DVT happens when a blood clot forms in a deep vein. DVT is most common in the deep veins of your lower leg (calf), and can spread up to the veins in your thigh. DVT can also first develop in the deep veins in your thigh and, more rarely, in other deep veins, such as the ones in your arm.
Deep veins pass through the centre of your leg and are surrounded by a layer of muscle (see diagram).
When blood clots form in the superficial veins, which lie just under your skin, the condition is known as superficial thrombophlebitis. These superficial blood clots are different to DVT and are much less serious
Am I At Risk For DVT ?
You are at higher risk for DVT if you:
- Are 60 years of age or older
- Are inactive for a long period of time, such as when you are flying in an airplane, taking a long car trip or recovering in bed after surgery
- Have inherited a condition that causes increased blood clotting
- Have an injury or surgery that reduces blood flow to a body part
- Are pregnant or have recently given birth
- Are overweight or obese
- Have varicose veins
- Have cancer, even if you are being treated for it
- Are taking birth control pills or receiving hormone therapy, including for postmenopausal symptoms
- Have a central venous catheter
Symptoms of DVT
Many blood clots that cause DVT are small and don't produce any symptoms. Your body will usually be able to gradually break them down with no long-term effects.
Larger clots can partly or completely block the blood flow in your vein and cause symptoms such as:
- Swelling Of The Affected Leg
- Pain And Tenderness In The Affected Leg - You May Also Find It Difficult To Stand Properly With Your Full Weight On The Affected Leg
- A Change In The Colour Of Your Skin, For Example, Redness
- Skin That Feels Warm Or Hot To The Touch
What Medicines Are Used To Treat DVT ?
The following are the main goals in treating DVT:
- Stopping the clot from getting bigger.
- Preventing the clot from breaking off and traveling to your lungs.

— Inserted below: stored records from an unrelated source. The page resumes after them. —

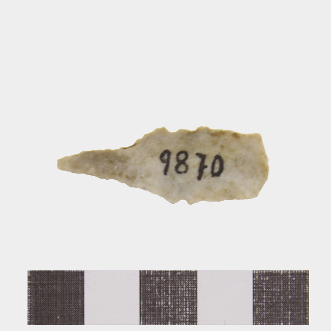 Objeto de uso doméstico de talla bifacial forma alargada y aguzado en un extremo, de sección biconvexa. Podría haber sido usado como instrumento para perforar, grabar y/o raspar.
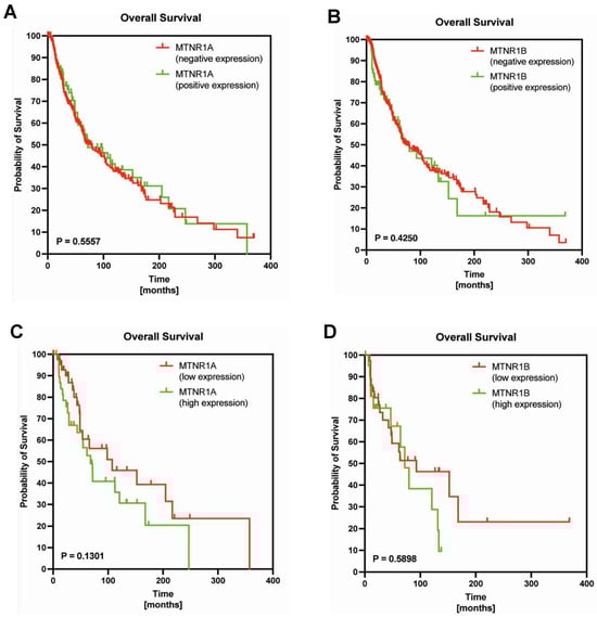 Kaplan–Meier survival curves and Gehan-Breslow-Wilcoxon test for overall survival of melanoma patients stratified by positive and negative MTNR1A mRNA expression (A), positive and negative MTNR1B mRNA expression (B), low and high MTNR1A mRNA expression (C), low and high MTNR1B mRNA expression (D) as described in Materials and Methods.
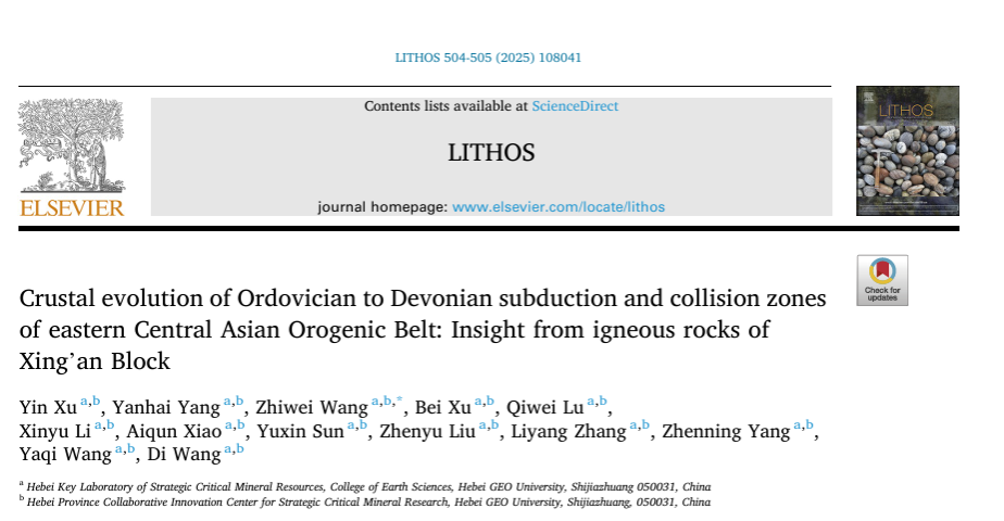 BB贝博王志伟和徐备教授团队成员赵佩佩老师和硕士研究生徐引分别在地质学领域国际知名SCI期刊Lithos(2区)和Journal of Asian Earth Sciences(3区)发表题为“Crustal evolution of Ordovician to Devonian subduction and collision zones of eastern Central Asian Orogenic Belt: Insight from igneous rocks of Xing'an Block”和“The petrogenesis of plagiogranite of the Erenhot Ophiolite in the eastern Central Asian Orogenic Belt: A zircon Hf-O isotopic and whole-rock geochemical perspective”学术论文。王志伟教授为通讯作者,参与这项研究的还有徐备教授、尹露副研究员、杨振宁副教授、张立扬讲师等。该工作得到国家自然科学基金(42202251、41802053)、河北省自然科学基金(D2023403023)、河北省“三三三人才工程”基金(C2024022,C20231115),BB贝博艾弗森官网校内基金(JQ202402,KY202303,BQ2024021)以及河北省战略性关键矿产资源重点实验室开放基金等项目资助。

- Preventing any future blood clots.
Several medicines are used to treat or prevent DVT. The most common are anticoagulants (also called blood thinners) such as warfarin or heparin. Anticoagulants thin your blood so that clots won't form. Warfarin is taken as a pill and heparin is given intravenously (in your veins). If you can't take heparin, your doctor may prescribe another kind of anticoagulant called a thrombin inhibitor.

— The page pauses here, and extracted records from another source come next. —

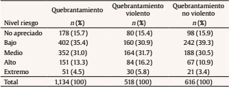 Se obtienen resultados estadísticamente significativos, 2(1, n = 4,129) =16.49, p < .001, para las variables quebrantamiento violento y riesgo. Se alcanza un valor OR = 1.67, IC 95% [1.30, 2.15] como parámetro de discriminación.
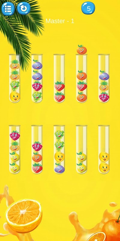 Sort the Fruit in the tube until all the Fruit are grouped to the same type. You will need to sort the Fruit like a ball into the same tube to win the level.
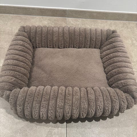Lækker teddy hundeseng i beige med høje kanter og blød pude i bunden. Har skridsikker bund, så den ligger fast på gulvet. Aldrig blevet brugt. Mål står på sidste billede. Befinder sig i Islev/rødovre.
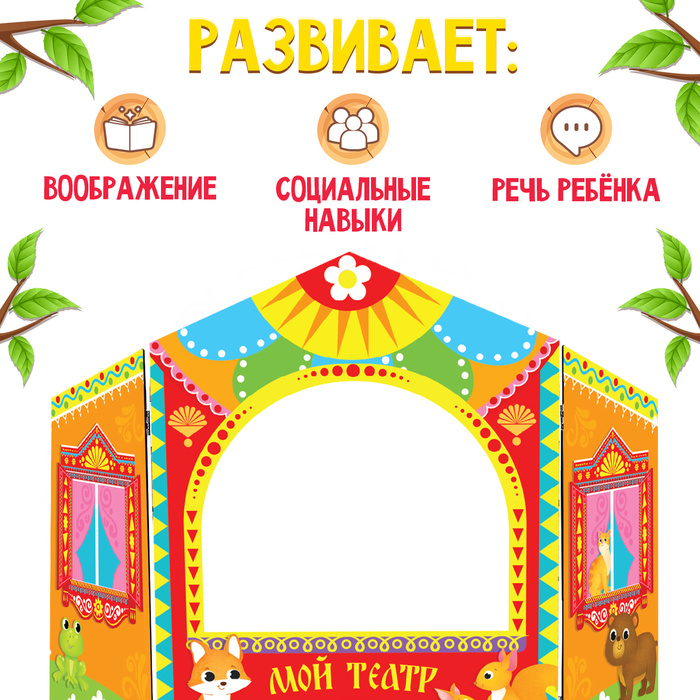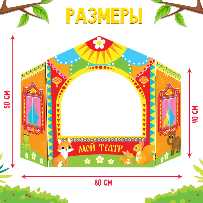 Ширма для кукольного театра. «Зверушки» настольный, оранжевый

What Other Treatments Are Used For DVT ?
If you can't take medicine to thin your blood, or if a blood thinner doesn't work, your doctor may recommend that you have a filter put into your vena cava (the main vein going back to your heart from your lower body). This filter can catch a clot as it moves through your bloodstream and prevent it from reaching your lungs. This treatment is used mostly for people who have had several blood clots travel to their lungs.
Elevation of the affected leg and compression can help reduce swelling and pain from DVT. Your doctor can prescribe graduated compression stockings to reduce swelling in your leg after a blood clot has developed. These stockings are worn from the arch of your foot to just above or below your knee. They cause a gentle compression (pressure) of your leg.